[Data provided]

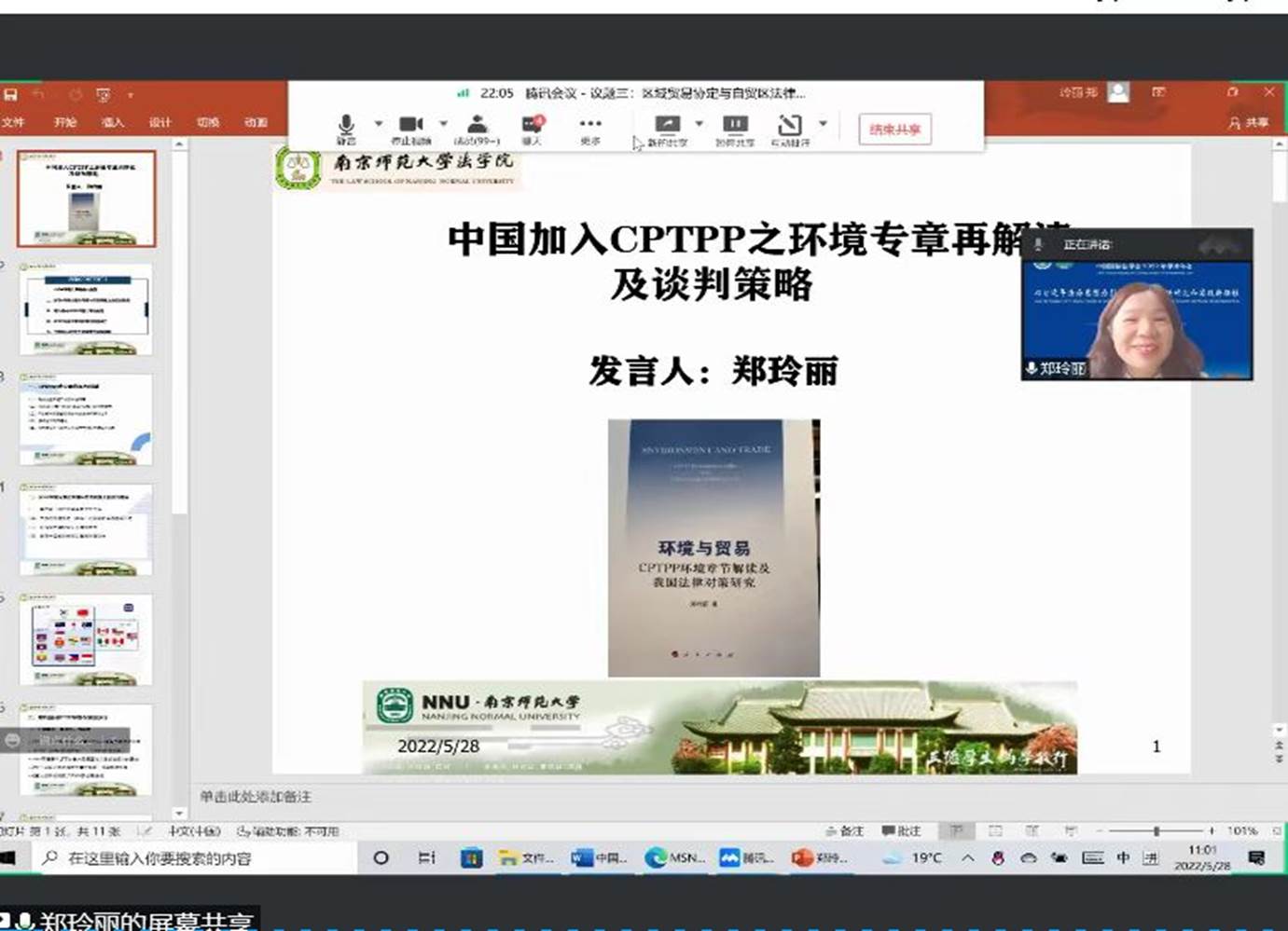 、中国法治现代化研究院郑玲丽副教授以《中国加入CPTPP之环境专章再解读及谈判策略》为主题做了精彩发言。该组报告人及其汇报还有南开大学禁漫天堂
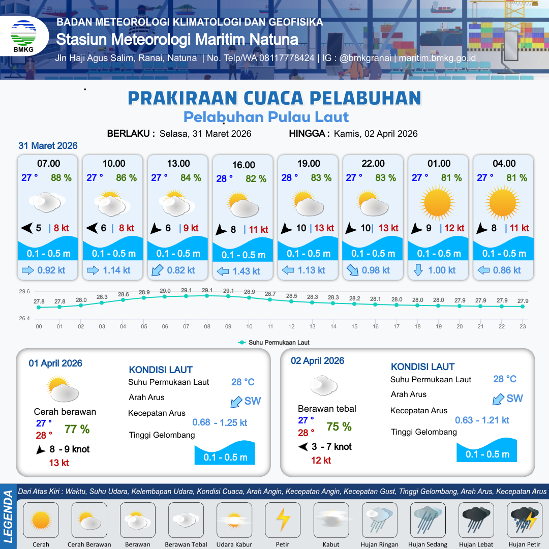 1 Apr 26, 14.00 16 jam kedepan | Timur Laut 9 kt Gust Peningkatan kecepatan angin yang singkat dan tiba-tiba : 12 kt | 0.2 m Tenang | Selatan 0.8 Knot | 10 km | 28 °C | 71 % | +0.11 m | |
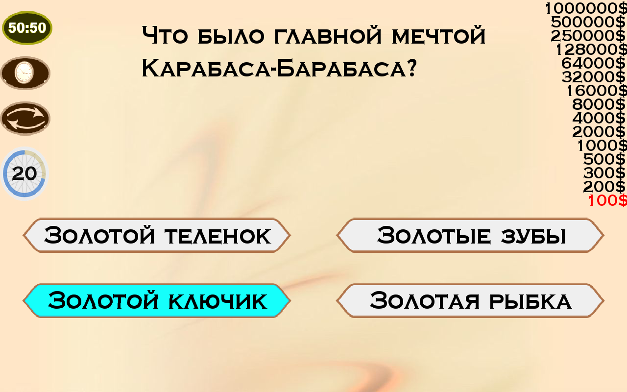 Обратите внимание, что в отличии от других игр "Миллионером?" у нас вы можете играть абсолютно бесплатно независимо от успехов в игре. Количество вопросов превышает пять тысяч и уверенно стремится к десяти.
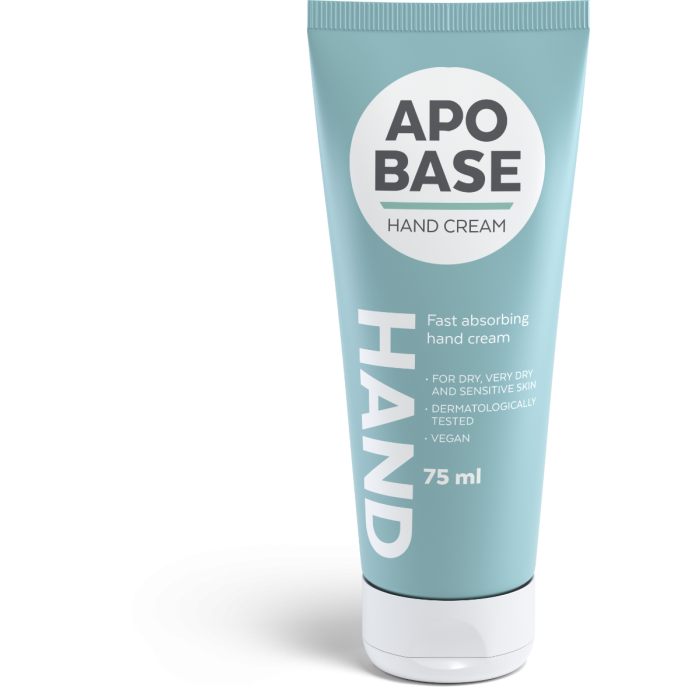 Apobase Hand Cream er en fuktighetsgivende håndkrem til tørr, svært tørr og sensitiv hud. Kremen er absorberer raskt, noe som gjør den enkel å bruke ofte og som er viktig da huden på hendene ofte er ekstra utsatt fra yttre påvirkninger. Apobase Hand Cream styrker hudens naturlige barriere. Dermatologisk testet på tørr og sensitiv hud.

[/Data provided]

* What to produce *
Retype exactly. Include each line from the start of the material through the line holding "Обратите внимание, что", and leave the pictures out.

* Response to this task *
 、中国法治现代化研究院郑玲丽副教授以《中国加入CPTPP之环境专章再解读及谈判策略》为主题做了精彩发言。该组报告人及其汇报还有南开大学禁漫天堂
 1 Apr 26, 14.00 16 jam kedepan | Timur Laut 9 kt Gust Peningkatan kecepatan angin yang singkat dan tiba-tiba : 12 kt | 0.2 m Tenang | Selatan 0.8 Knot | 10 km | 28 °C | 71 % | +0.11 m | |
 Обратите внимание, что в отличии от других игр "Миллионером?" у нас вы можете играть абсолютно бесплатно независимо от успехов в игре. Количество вопросов превышает пять тысяч и уверенно стремится к десяти.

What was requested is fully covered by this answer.